___ INPUT ___

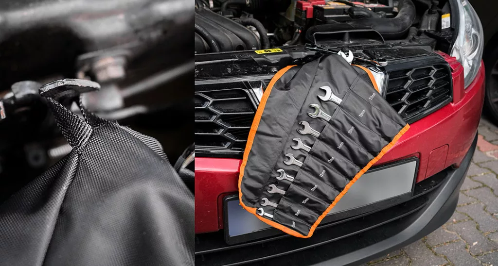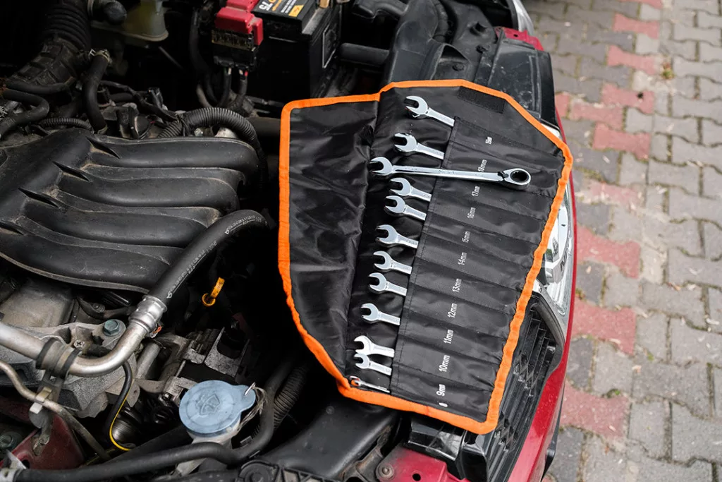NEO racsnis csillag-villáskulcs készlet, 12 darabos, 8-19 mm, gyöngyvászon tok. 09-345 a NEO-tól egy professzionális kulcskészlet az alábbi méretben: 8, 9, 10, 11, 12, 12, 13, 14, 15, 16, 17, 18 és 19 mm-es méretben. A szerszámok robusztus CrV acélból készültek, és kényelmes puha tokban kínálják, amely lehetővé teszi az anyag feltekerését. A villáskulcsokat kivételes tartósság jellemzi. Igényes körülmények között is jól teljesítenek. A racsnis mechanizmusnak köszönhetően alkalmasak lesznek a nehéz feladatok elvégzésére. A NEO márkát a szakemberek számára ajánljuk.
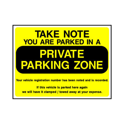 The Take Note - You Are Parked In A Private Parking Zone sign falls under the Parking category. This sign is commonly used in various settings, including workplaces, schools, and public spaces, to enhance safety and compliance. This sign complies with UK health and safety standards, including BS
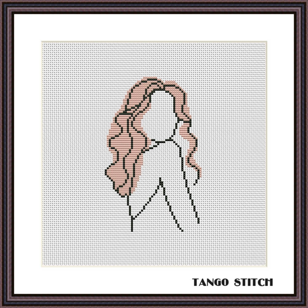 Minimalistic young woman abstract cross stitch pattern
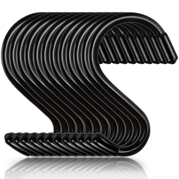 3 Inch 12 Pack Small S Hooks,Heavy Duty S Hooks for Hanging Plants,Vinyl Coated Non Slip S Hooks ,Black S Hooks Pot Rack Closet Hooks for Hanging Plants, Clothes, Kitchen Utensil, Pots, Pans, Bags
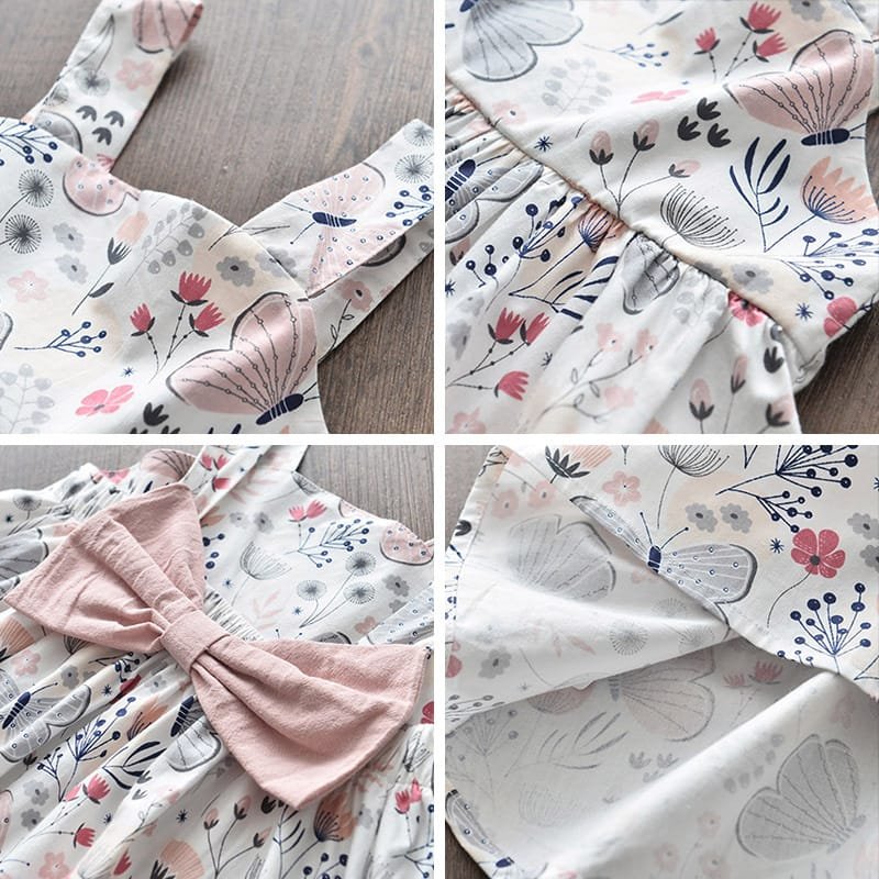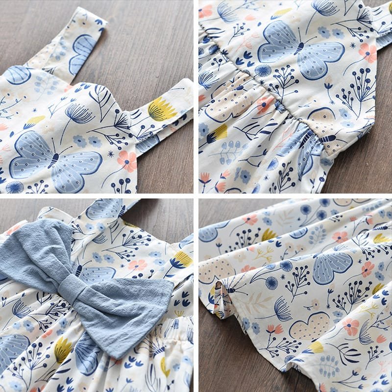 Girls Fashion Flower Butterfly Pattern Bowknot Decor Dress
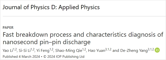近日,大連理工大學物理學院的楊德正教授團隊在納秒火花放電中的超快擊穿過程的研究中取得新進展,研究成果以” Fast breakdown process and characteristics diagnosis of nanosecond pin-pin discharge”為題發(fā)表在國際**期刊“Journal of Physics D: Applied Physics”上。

___
___ INPUT ___

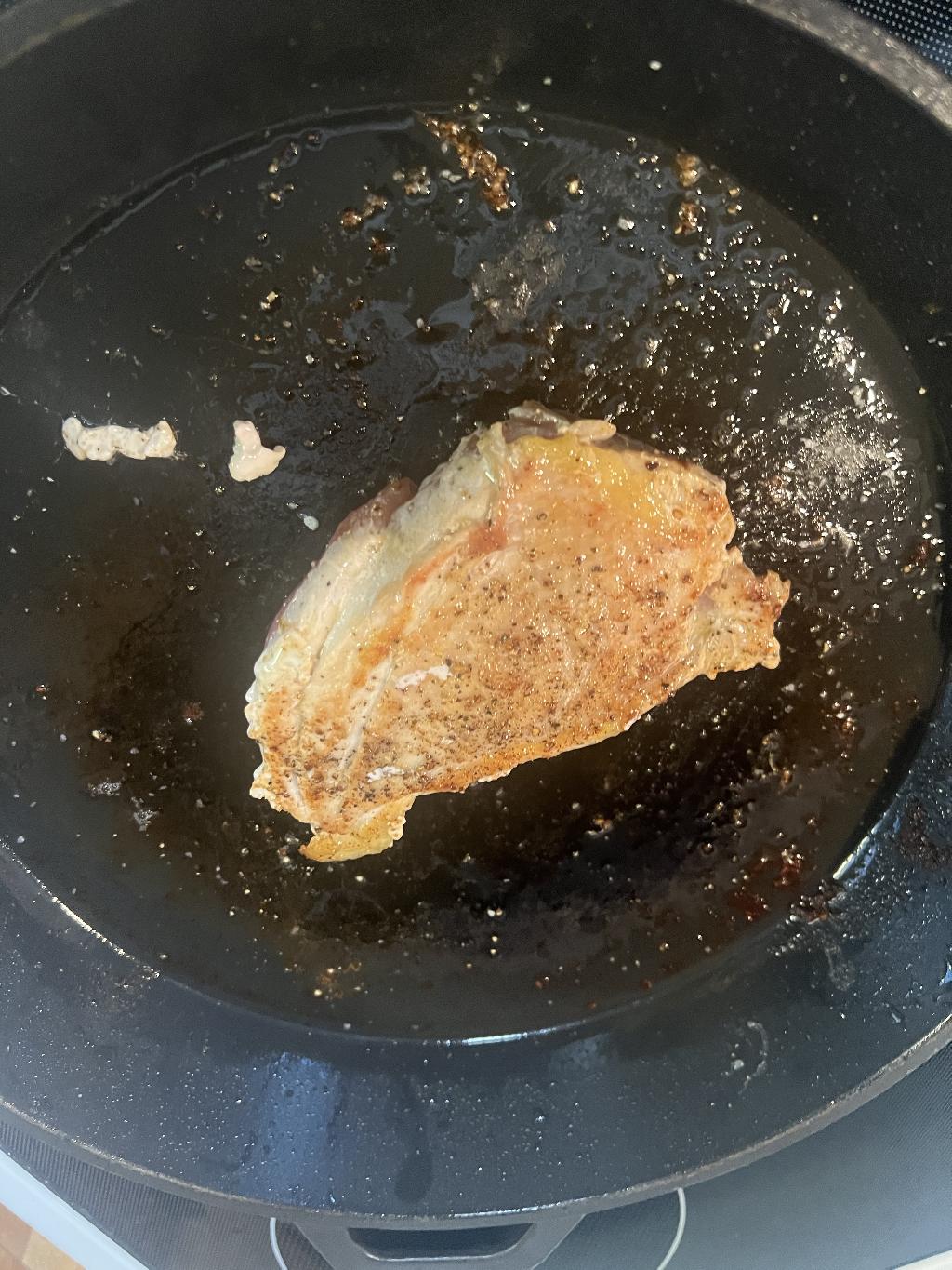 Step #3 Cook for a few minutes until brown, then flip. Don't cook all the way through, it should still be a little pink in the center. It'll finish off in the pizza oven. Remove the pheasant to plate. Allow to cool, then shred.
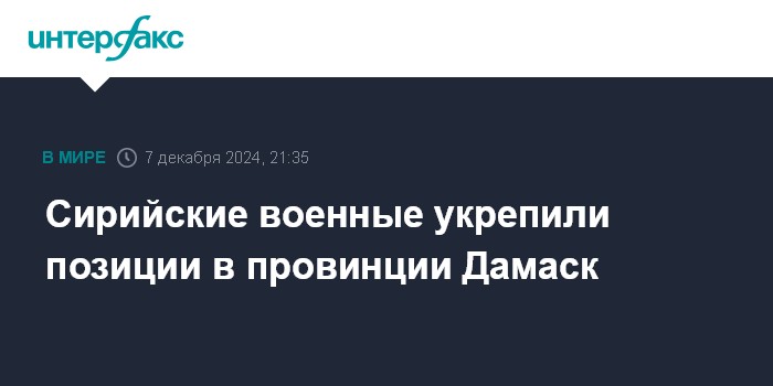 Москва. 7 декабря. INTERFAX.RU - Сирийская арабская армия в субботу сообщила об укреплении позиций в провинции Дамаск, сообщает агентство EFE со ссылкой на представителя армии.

___
___ INPUT ___

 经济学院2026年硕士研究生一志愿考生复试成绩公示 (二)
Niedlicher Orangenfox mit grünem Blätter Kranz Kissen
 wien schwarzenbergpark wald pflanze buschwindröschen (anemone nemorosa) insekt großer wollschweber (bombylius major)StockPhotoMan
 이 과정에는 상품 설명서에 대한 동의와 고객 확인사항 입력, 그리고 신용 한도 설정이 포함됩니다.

___

Starting with the line that has "The Take Note" and ending with the line that has "Fast breakdown process", repeat the lines above exactly, omitting every picture.

 The Take Note - You Are Parked In A Private Parking Zone sign falls under the Parking category. This sign is commonly used in various settings, including workplaces, schools, and public spaces, to enhance safety and compliance. This sign complies with UK health and safety standards, including BS
 Minimalistic young woman abstract cross stitch pattern
 3 Inch 12 Pack Small S Hooks,Heavy Duty S Hooks for Hanging Plants,Vinyl Coated Non Slip S Hooks ,Black S Hooks Pot Rack Closet Hooks for Hanging Plants, Clothes, Kitchen Utensil, Pots, Pans, Bags
 Girls Fashion Flower Butterfly Pattern Bowknot Decor Dress
近日,大連理工大學物理學院的楊德正教授團隊在納秒火花放電中的超快擊穿過程的研究中取得新進展,研究成果以” Fast breakdown process and characteristics diagnosis of nanosecond pin-pin discharge”為題發(fā)表在國際**期刊“Journal of Physics D: Applied Physics”上。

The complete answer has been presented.